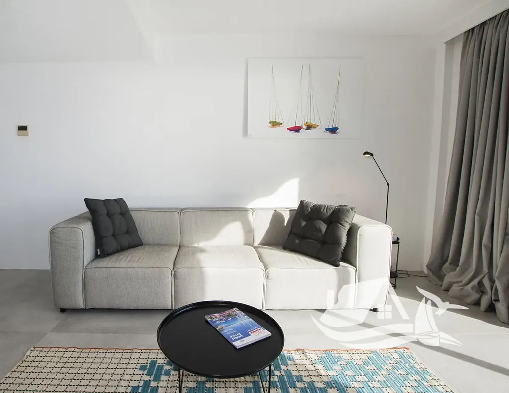 Byt je rozložen do dvou podlaží a působí vzdušně a přirozeně propojuje vnitřní i venkovní prostor. Dominantou je prostorný obývací pokoj s jídelní částí a moderní otevřenou kuchyní s ostrůvkem, která je plně vybavena spotřebiči. K dispozici jsou dvě ložnice, každá s vlastní koupelnou, přičemž jedna z nich má přímý vstup na terasu. Součástí je také samostatná toaleta pro hosty a hned tři slunné terasy, které vytvářejí ideální prostor pro relaxaci i setkávání s přáteli.
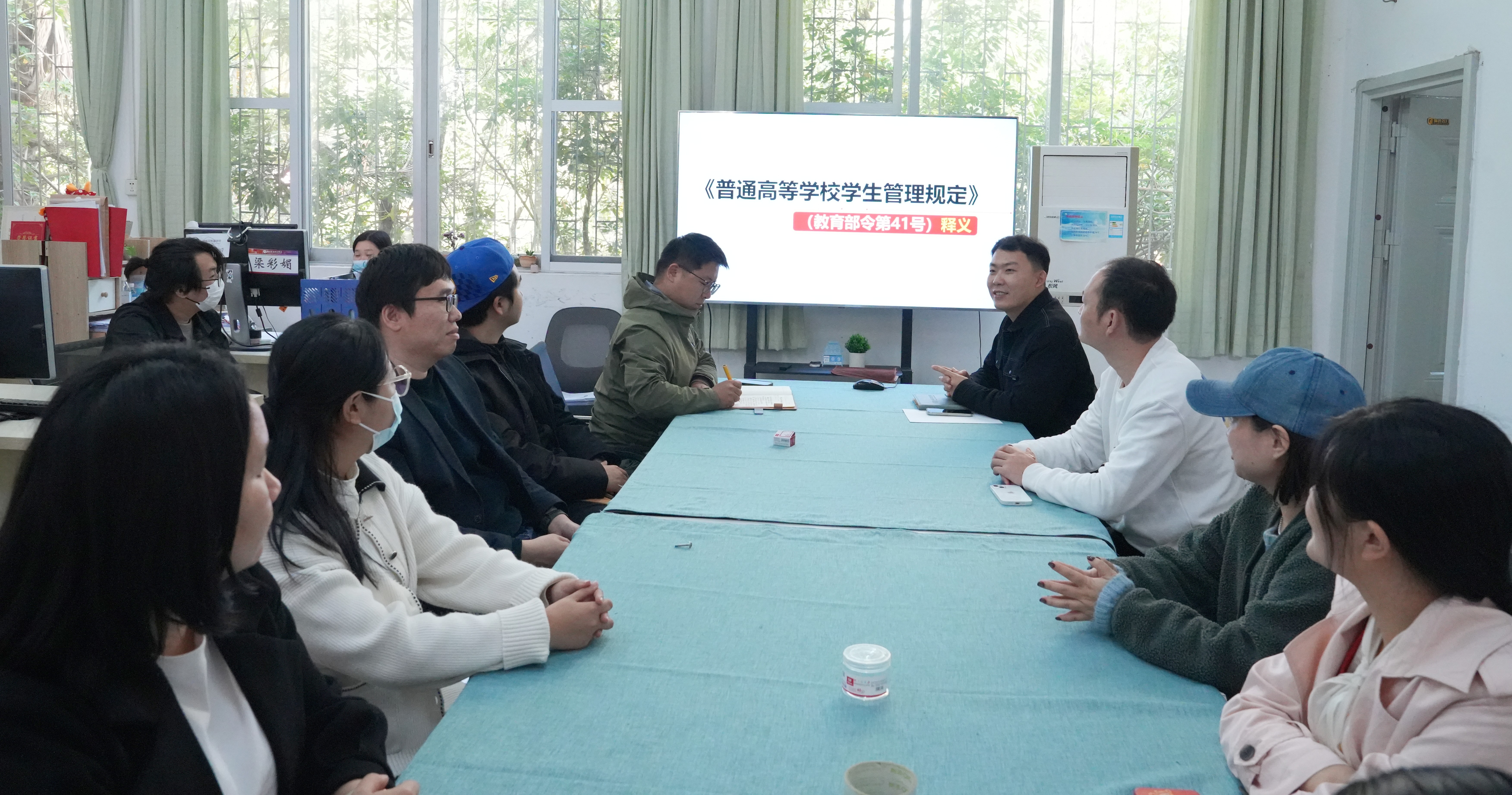 学院学工办精心准备释义与解读资料,助力辅导员深度领会文件精髓,确保在日常管理中精准施策、有章可循。各年级辅导员采用专题会议形式分多个时间段精心组织学习,确保无一人遗漏,有效提升了辅导员对规定的知晓率与参与度。在学习过程中,辅导员们认真聆听、热烈讨论,就如何将规定更好地融入日常管理工作各抒己见,形成了良好的学习氛围。
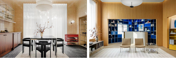 对于USM旗舰店整体空间的搭建,Halleroed Studio认为,“我们对USM旗舰店的设计理念,是希望能够在一个非常放松且与舒适的,让来访者在身临其境的家庭环境中去体验USM的独特魅力。”这对于制作精巧且金属质感较强的USM来说绝非易事。为了创造一个安逸的家居氛围,Halleroed Studio在设计初始便想为USM的产品与空间内的建筑材料之间制造一个反差,为此他们将多种以纯手工打造的建筑材料贯穿在整个设计之中:天然纹理的木板,粗糙的赤陶土地板,瓷砖,砂岩,纺织墙纸和剑麻地毯等来中和家具本身的工业金属感,期待借由这些柔软温暖的自然材料赋予空间更多感性的遐想。相比办公室或常规零售空间的单调,在USM旗舰店内,人们会发现更多家居空间中灵活有趣、多元共生的可能性,热情舒适的氛围使人们更容易联想到USM在自己家中的样子,这也恰恰与USM产品强大的场景适配性特点不谋而合。
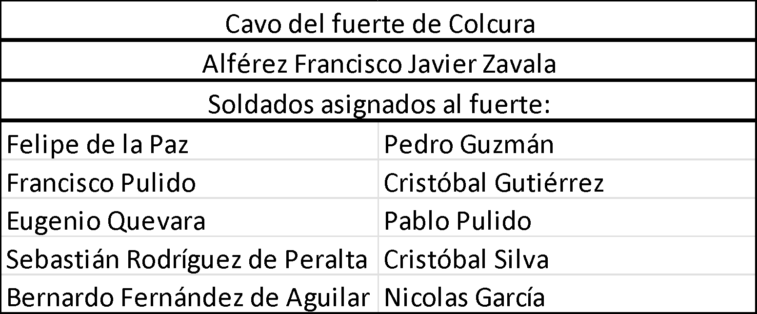 El mismo informe muestra que el fuerte de Colcura estaba bajo el mando del alférez Javier Zavala y mantenía una guarnición de 10 soldados.
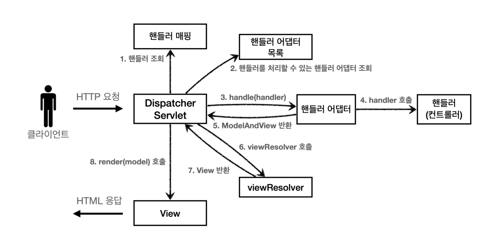 - 핸들러 실행 (핸들러 어댑터가 핸들러를 실행)
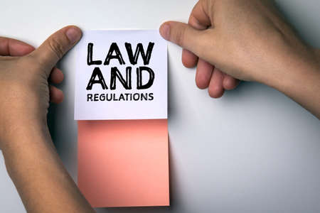 LAW and REGULATIONS concept. Colored sticky notes
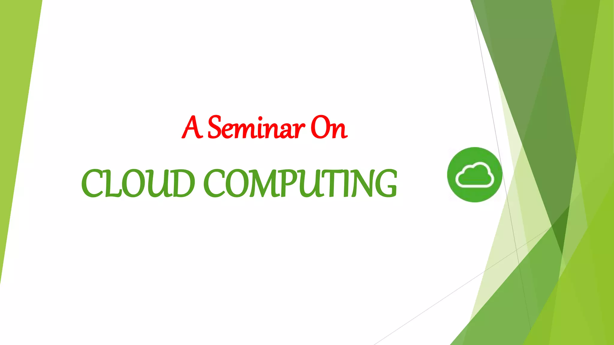 Cloud computing involves storing and accessing data and programs over the Internet instead of a local computer's hard drive. It has a front-end and back-end connected through a network, usually the Internet. The back-end consists of data centers containing distributed servers that act as a single system. There are three main types of cloud services: Infrastructure as a Service (IaaS) provides basic storage and networking; Platform as a Service (PaaS) provides development tools; and Software as a Service (SaaS) provides complete applications that users access through a web browser. Cloud computing offers advantages like lower costs, improved performance and collaboration capabilities, but also risks like dependence on constant network access and potential security issues.
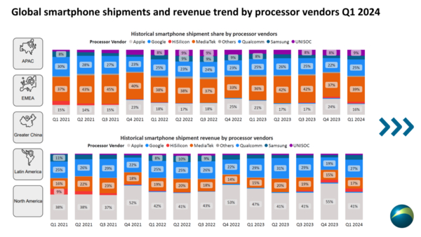 联发科2024年Q1仍为智能手机处理器第一!份额39%
============================================================
The lines to retype begin with the one containing "El mismo informe" and end with the last line of the records. Reproduce them exactly and omit the pictures.

 El mismo informe muestra que el fuerte de Colcura estaba bajo el mando del alférez Javier Zavala y mantenía una guarnición de 10 soldados.
 - 핸들러 실행 (핸들러 어댑터가 핸들러를 실행)
 LAW and REGULATIONS concept. Colored sticky notes
 Cloud computing involves storing and accessing data and programs over the Internet instead of a local computer's hard drive. It has a front-end and back-end connected through a network, usually the Internet. The back-end consists of data centers containing distributed servers that act as a single system. There are three main types of cloud services: Infrastructure as a Service (IaaS) provides basic storage and networking; Platform as a Service (PaaS) provides development tools; and Software as a Service (SaaS) provides complete applications that users access through a web browser. Cloud computing offers advantages like lower costs, improved performance and collaboration capabilities, but also risks like dependence on constant network access and potential security issues.
 联发科2024年Q1仍为智能手机处理器第一!份额39%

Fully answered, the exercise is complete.